# Presa in carico del paziente



## caffa1985

Dovrei tradurre:
"Obiettivo Specifico:
1) Presa in carico del paziente attraverso un'osservazione clinica nel tempo con:
- Valutazione degli eventi disabilitanti;
- Attivazione del percorso riabilitativo;
- Attivazione Consulenze specifiche;
- Monitoraggio laboristico e strumentale del paziente".
Io avrei pensato di tradurla così:
"Specific aim:
1) Taking care of patient thru a clinical observation with:

Non mi convince molto questa traduzione, qualcuno può aiutarmi?
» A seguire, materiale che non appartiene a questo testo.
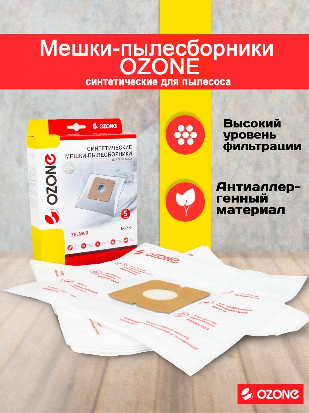 Пылесборник синтетический micron M-03, 5 шт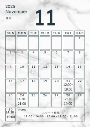 11月30日(日)14:30~16:30満/17:00~19:00満
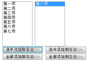 <input id="leftAll" type="button" value="全部添加到左边>>>"><br> </div> </body> </html>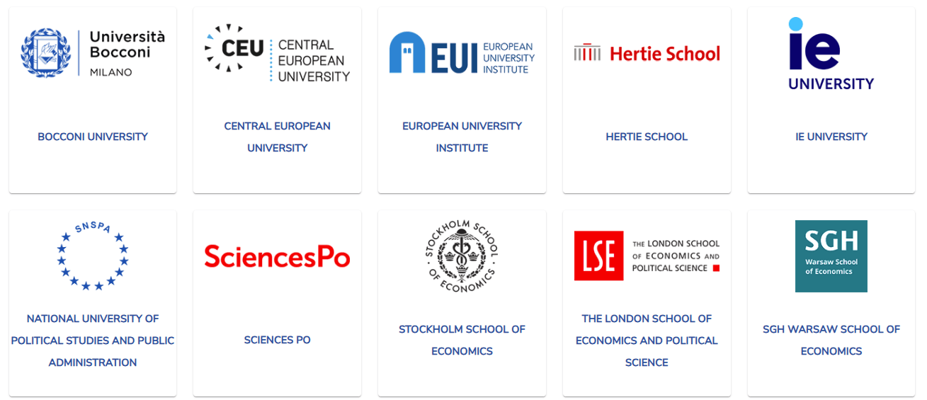 Ce travail collectif associe 10 grandes institutions européennes (Università Bocconi, Central European University, European University Institute, Hertie School, IE University, National University of Political Studies and Public Administration, Sciences Po, Stockholm School of Economics, The London School of Economics and Political Science, SHG Warsaw School of Economics).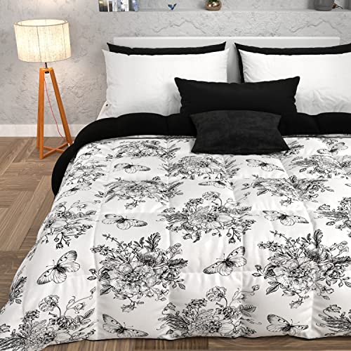 PETTI Artigiani Italiani - Quilt, Dubbelsidigt dubbelsidigt täcke enfärgad och digitalt botaniskt tryck 03 01, 100% allergivänlig mikrofiber
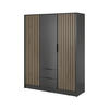 Die Vorderseite des stilvollen Nelly-Kleiderschranks ist mit den in dieser Saison sehr modischen Lamellen verziert, die dem Schrank Dreidimensionalität verleihen. Dank dieser Lamellen sieht der Schrank großartig aus und wird Ihre Gäste sicher beeindrucken. Der elegante Kleiderschrank ist außerdem mit geräumigen Schubladen und einer Stange zum Aufhängen von Kleidung ausgestattet.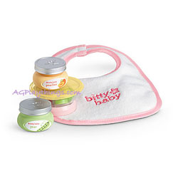 Mealtime Set Your girl can keep her Bitty Baby doll happy with this make-believe snack set. It features jars of peas and peaches, a snack container, and an embroidered bib. Aug 2013 |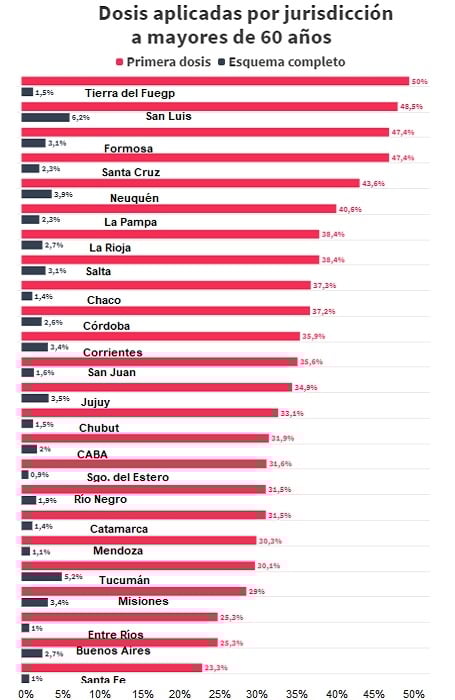 En el caso de los mayores de 60 años, Tierra del Fuego es la provincia argentina que más personas vacunadas tiene, con un 50% que recibieron la primera dosis, seguida por San Luis (48,5%) y Formosa (47,4%). Las provincias que menos porcentaje alcanzaron son Entre Ríos y Buenos Aires (25,3%), y Santa Fe (23,3%).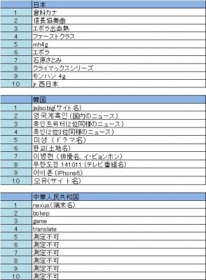 ・アジア11カ国の検索キーワードトレンド2014年9月29日~2014年10月5日 2014年10月6日リリース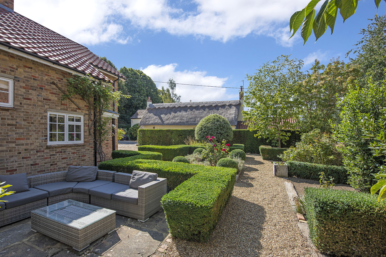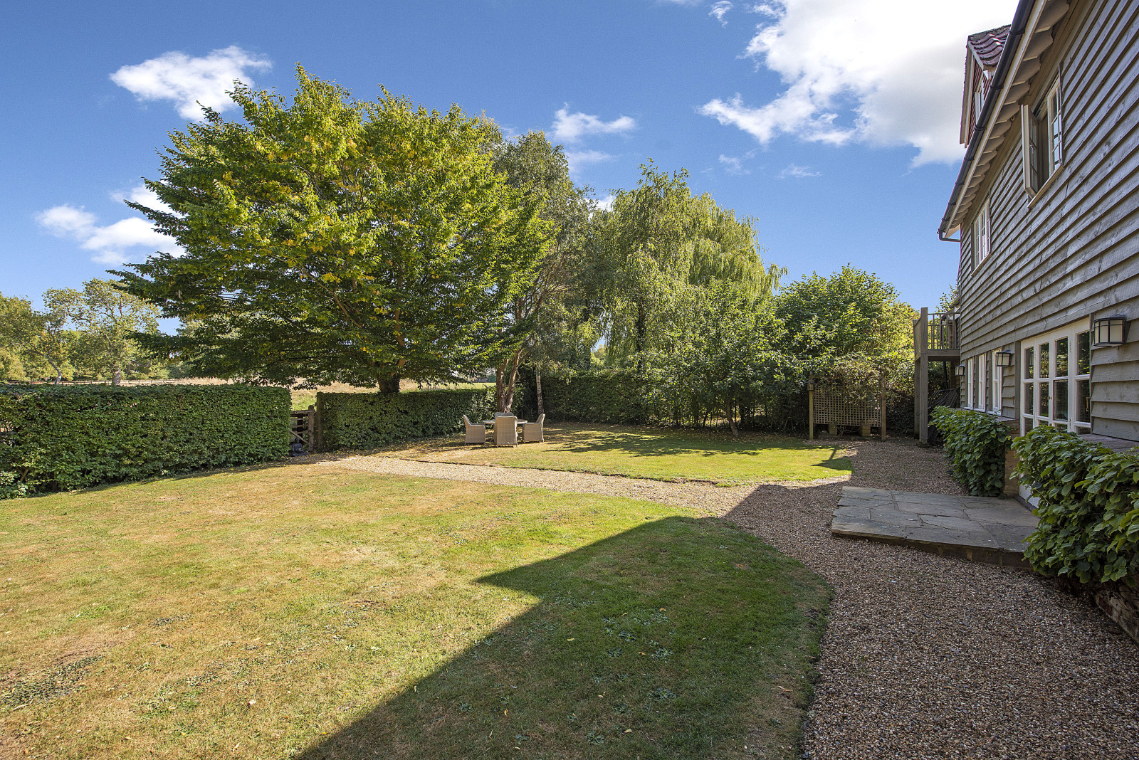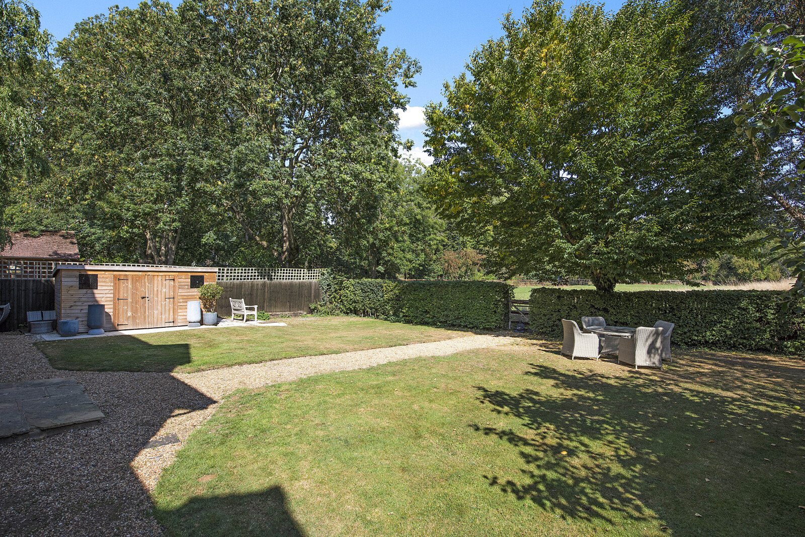Outside, a generous gravel driveway offers ample parking and leads to the garage. The front garden has been tastefully landscaped with formal hedging, creating a refined first impression. To the rear, the garden is a true haven backing onto open paddocks and mainly laid to lawn with a collection of mature specimen trees, it's a peaceful, private escape.

Grazie!


----------



## TimLA

Obiettivo Specifico:
1) Presa in carico del paziente attraverso un'osservazione clinica nel tempo con:
- Valutazione degli eventi disabilitanti;
- Attivazione del percorso riabilitativo;
- Attivazione Consulenze specifiche;
- Monitoraggio laboristico e strumentale del paziente".
Io avrei pensato di tradurla così:

Specific aims (objectives/ come vuoi):
1) Clinical follow-up over time by:



Ci puoi spiegare cosa vuol dire "eventi disabilitanti"


----------



## guardavi

Hello, this being my first post.
There is a long thread on this, but I would start a new one limited to health care and health services research.
In Italian it is customary in this context to use "presa in carico" (like "taking the burden") meaning acceptance of a new patient in a - public -health service for a specific health need. 
Any US or UK hospital slang for this?
Thanks


----------



## TimLA

Hello Guardavi and welcome to the forum.

If you're looking for slang, then:
...picked-up...
...pick-up...
...put in the clinic/system...
...take them on...
...taken in...
...send to intake...
And probably many more.
A specific sentence would be helpful though.


----------



## Flora_IT

Hi, I would need some help too with this phrase.
E' una lista di obiettivi di un progetto per la cura dei malati di alzheimer e non so come rendere l'espssione "presa in carico personalizzata nel territorio
nel seguente contesto:
 Realizzare un modello di “presa in carico personalizzata nel territorio” che sia adatto ai diversi stadi della progressione della malattia


implementing a "personalized local care-taking (???????)" suitable to the different progression stages of the disease


ovviamente care-taking non funziona e non va bene...ma non mi viene niente per presa in carico....


----------



## TimLA

Realizzare un modello di “presa in carico personalizzata nel territorio” che sia adatto ai diversi stadi della progressione della malattia


Implementing a "personalized local care" suitable to the different stages of the disease


----------



## Flora_IT

grazie TimLa,
e che ne dite di a "personalized care in the community approach" ?


----------



## TimLA

Flora_IT said:


> grazie TimLa,
> e che ne dite di a "personalized care with a community approach" ?


 
Piccolissimi cambiamenti...fastidiosi preposizioni...


----------



## tastieranera

Hi all
just an idea, how would "take in charge the patient" sound? Does it make sense in English?


----------



## TimLA

tastieranera said:


> Hi all
> just an idea, how would "take in charge the patient" sound? Does it make sense in English?


 
You might say something similar:
...take charge of the patient's care...
...take charge of the patient...

but they are a bit "stonger" in English.


----------



## Flora_IT

TimLa, thanks, but i actually meant the expression "care in the community" as a type of "community care"...
it's a way of looking after patients in the community instead than institutionalizing them...
look here :
http://en.wikipedia.org/wiki/Care_in_the_Community


----------



## TimLA

Flora_IT said:


> grazie TimLa,
> e che ne dite di a "personalized care in the community approach" ?


 


Flora_IT said:


> TimLa, thanks, but i actually meant the expression "care in the community" as a type of "community care"...
> it's a way of looking after patients in the community instead than institutionalizing them...
> look here :
> http://en.wikipedia.org/wiki/Care_in_the_Community


 
Ok, then you could say:

...the approach of personalized care in the community.
...the "personalized care in the community" approach.
...the personalized "care in the community" approach.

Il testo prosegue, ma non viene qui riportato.